● EXERCISE DATA:
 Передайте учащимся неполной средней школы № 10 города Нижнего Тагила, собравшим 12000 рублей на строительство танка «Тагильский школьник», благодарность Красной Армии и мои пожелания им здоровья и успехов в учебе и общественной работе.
---
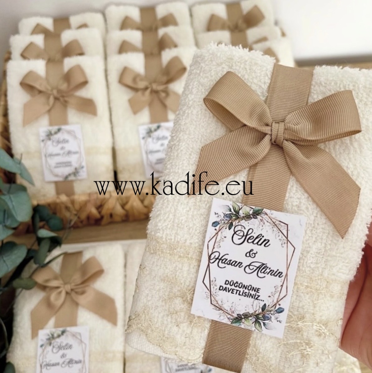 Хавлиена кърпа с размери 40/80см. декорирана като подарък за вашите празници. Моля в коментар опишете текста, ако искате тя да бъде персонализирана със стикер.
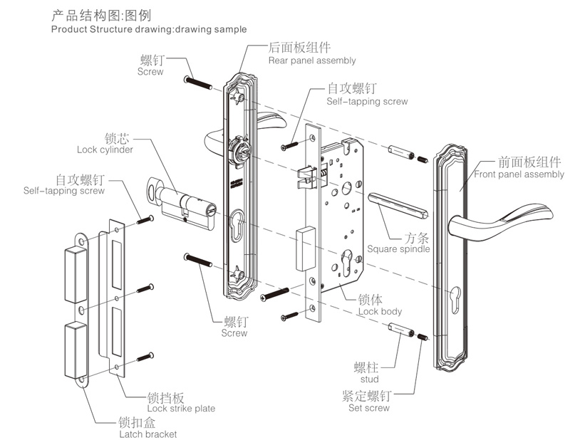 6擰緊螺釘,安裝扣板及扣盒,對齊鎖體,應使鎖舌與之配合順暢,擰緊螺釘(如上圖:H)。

● REQUIRED ACTION:
Everything between and including the line above containing "Хавлиена кърпа с" and the line containing "6擰緊螺釘,安裝扣板及扣盒,對齊鎖體,應" should be reproduced exactly, with pictures excluded.

● ANSWER FOR THE TASK:
 Хавлиена кърпа с размери 40/80см. декорирана като подарък за вашите празници. Моля в коментар опишете текста, ако искате тя да бъде персонализирана със стикер.
 6擰緊螺釘,安裝扣板及扣盒,對齊鎖體,應使鎖舌與之配合順暢,擰緊螺釘(如上圖:H)。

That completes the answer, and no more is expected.